=== Problem to solve ===
Write the listing out again word for word, leaving each picture behind.

::::

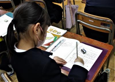 しっかりとお手本を見ながら、丁寧に書いていました。
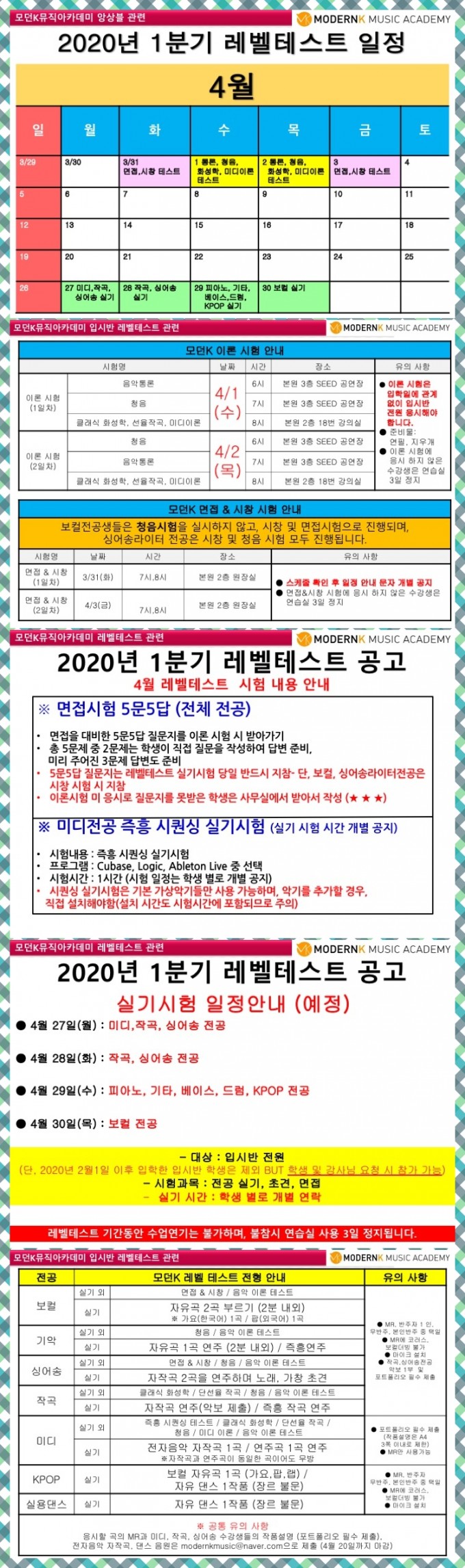 2020년 1분기 레벨테스트 안내
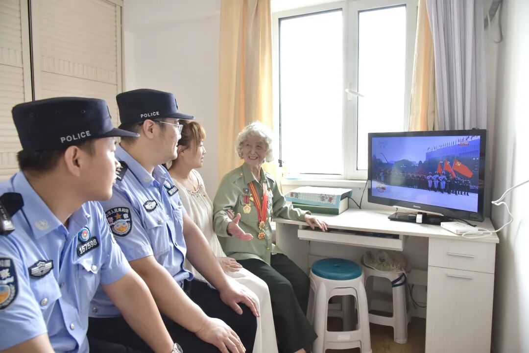 振兴区临江街道东昇社区党委联合临江边境派出所、市老年服务协会来到抗美援朝老兵刘吉慧家中,共同观看纪念大会。
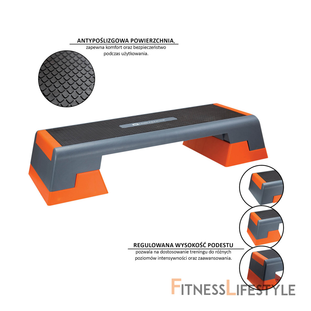 Krok je vybavený povrchom proti sklzu, ktorý zaisťuje určitý pohyb aj počas dynamického cvičenia. Gumové nohy bránia posunutiu stepovej a záruky stability a bezpečnosti.
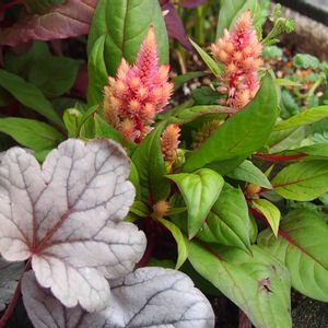 🍀セロシア スマートルックロマンティカ🍀 🍀ヒューケラ シルバーガムドロップ🍀 サーモンピンクの可愛いセロシア💕 シルバーリーフのヒューケラ💚 寄せ植え花壇の素敵な神戸旧居留地です😊
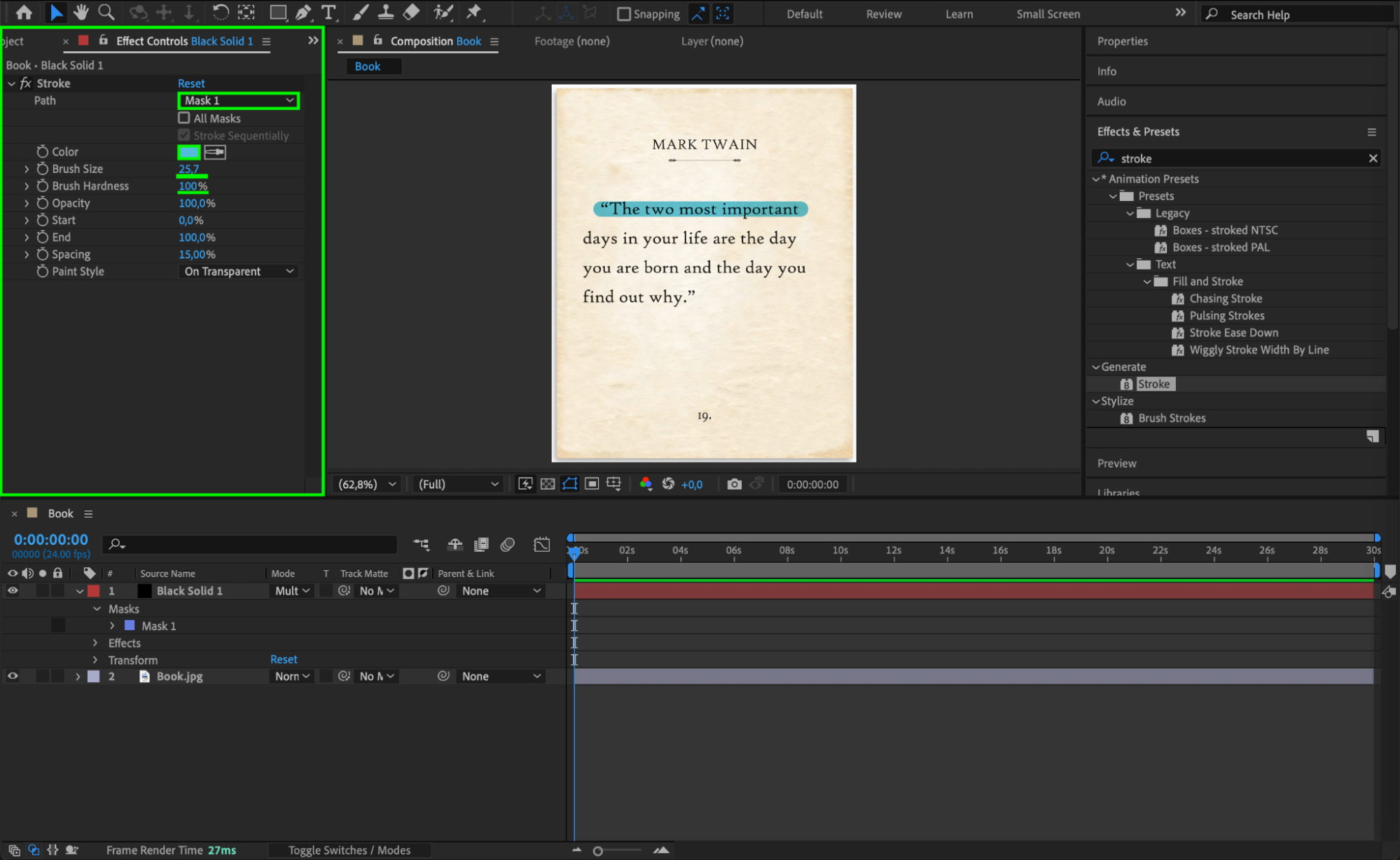 Highlighting text in After Effects is a great way to emphasize key words or phrases in a video. This technique is commonly used in explainer videos, presentations, and social media content. In this guide, we’ll walk you through the steps to create a smooth text highlight animation using a solid layer and the Stroke effect.
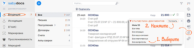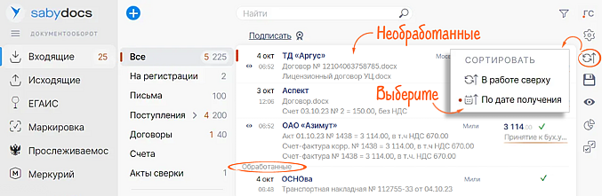 Список документов в разделе «Входящие» теперь состоит из 2 частей: все необработанные — наверху. Даже если документ пропустили, он не затеряется среди других, а будет на виду. Если хотите вернуть привычное отображение, отсортируйте входящие по дате получения.

::::

=== Response to this exercise ===
 しっかりとお手本を見ながら、丁寧に書いていました。
 2020년 1분기 레벨테스트 안내
 振兴区临江街道东昇社区党委联合临江边境派出所、市老年服务协会来到抗美援朝老兵刘吉慧家中,共同观看纪念大会。
 Krok je vybavený povrchom proti sklzu, ktorý zaisťuje určitý pohyb aj počas dynamického cvičenia. Gumové nohy bránia posunutiu stepovej a záruky stability a bezpečnosti.
 🍀セロシア スマートルックロマンティカ🍀 🍀ヒューケラ シルバーガムドロップ🍀 サーモンピンクの可愛いセロシア💕 シルバーリーフのヒューケラ💚 寄せ植え花壇の素敵な神戸旧居留地です😊
 Highlighting text in After Effects is a great way to emphasize key words or phrases in a video. This technique is commonly used in explainer videos, presentations, and social media content. In this guide, we’ll walk you through the steps to create a smooth text highlight animation using a solid layer and the Stroke effect.
 Список документов в разделе «Входящие» теперь состоит из 2 частей: все необработанные — наверху. Даже если документ пропустили, он не затеряется среди других, а будет на виду. Если хотите вернуть привычное отображение, отсортируйте входящие по дате получения.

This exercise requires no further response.